Once you have determined what type of case that you want to get to protect and transport for your guitar, the next challenge is finding one that will fit your instrument. In order to find the best fit, you will need to get the following measurements:

Overall Length

This is the overall length of your guitar, from the top of the headstock to the bottom of the body. 

Body Length

This is the length of the body of the guitar, not including the neck joint. Measure it from the back of guitar for the best accuracy. 

Lower Bout Width

This is the width of the guitar at the lowest (and typically widest) area of the body. This is the area furthest away from the neck of the guitar.

Middle Bout (Waist) Width

Most guitars have a curved shape that narrows and then expands out again. That is the waist, or middle bout, of the guitar.

Upper Bout Width

The widest area of the guitar above the waist, closest to the neck.

Body Depth

Measure the height of the body of the guitar at the thickest point. 


Here is a chart that illustrates where to get these measurements on your instrument. 

Once you have these measurements in hand, you can compare that information to the information provided in the listing of the case you are looking at, and determine if your instrument will fit properly. Keep in mind that there are a variety of guitar shapes and features that you may need to take into consideration. 


Additional Considerations

Even though you have all of the measurements lined up, there are some other things to take into consideration.

Tremolo Arms

Some electric guitars have a tremolo arm that can't be removed, so you need to take that into consideration when measuring your guitar for the right case fit.
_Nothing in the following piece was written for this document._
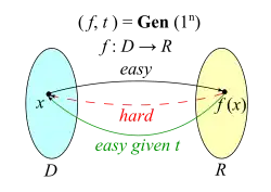 - ↑ Pour que la notion ne soit pas creuse, il faut bien entendu que la trappe ne soit pas elle même facile à calculer à partir d'une représentation de la fonction.

Add the tremolo arm height into the body height measurement to help ensure a good fit.

Horns and Body Features

Does your guitar have a horn that sticks up above the neck joint, then you have to take that length into consideration as well. Add that to the body length measurement to help ensure a good fit. 

Strap Locks

If your guitar has a strap lock that sticks out of the bottom, or top of the body, then you should add those into your overall body length measurement.

Slope of Body Curves

Even though you have the measurements for the lower bout, waist, and middle bout, those measurements don't help you see the slope or curve of your instrument, so while a case might look like it fits based on your measurements, if the slope of the curve is not the same as the case, sometimes that can prevent a good fit. 

Don't Overdo It!

As important as it is to have your instrument fit in a case, you have to also watch to make sure that the case you are getting is not too large for your instrument. Having a larger case can be just as detrimental as having no case at all. If your guitar has lots of room to move around inside the case, then the case is not a good fit for your instrument, and can cause damage over time.


Additional Resources

Many case manufacturers will have a "case finder" tool available that can help you find a case that will fit your instrument. You can try to lookup matches for your guitar by choosing the type of instrument, the manufacturer, and the model to see if any options are available, or you can search by dimensions to find the best fit. 
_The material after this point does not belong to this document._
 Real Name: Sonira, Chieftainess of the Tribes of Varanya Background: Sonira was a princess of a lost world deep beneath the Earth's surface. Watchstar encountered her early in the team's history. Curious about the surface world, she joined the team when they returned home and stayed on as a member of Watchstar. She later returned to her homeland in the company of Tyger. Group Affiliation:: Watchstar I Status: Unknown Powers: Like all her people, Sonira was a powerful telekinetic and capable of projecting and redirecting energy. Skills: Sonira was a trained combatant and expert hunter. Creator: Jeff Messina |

Gator Cases has a Case Finder tool available at


Finding the Best Fit

Once you have found a case type that you like, and determined that all of your measurements will fit within the dimensions provided by the manufacturer or seller of the case, then the last part of the puzzle is trying it out. Hopefully this guide will help you find a better fitting case for your guitar, so that you can keep making music and have peace of mind that your instrument is perfectly protected!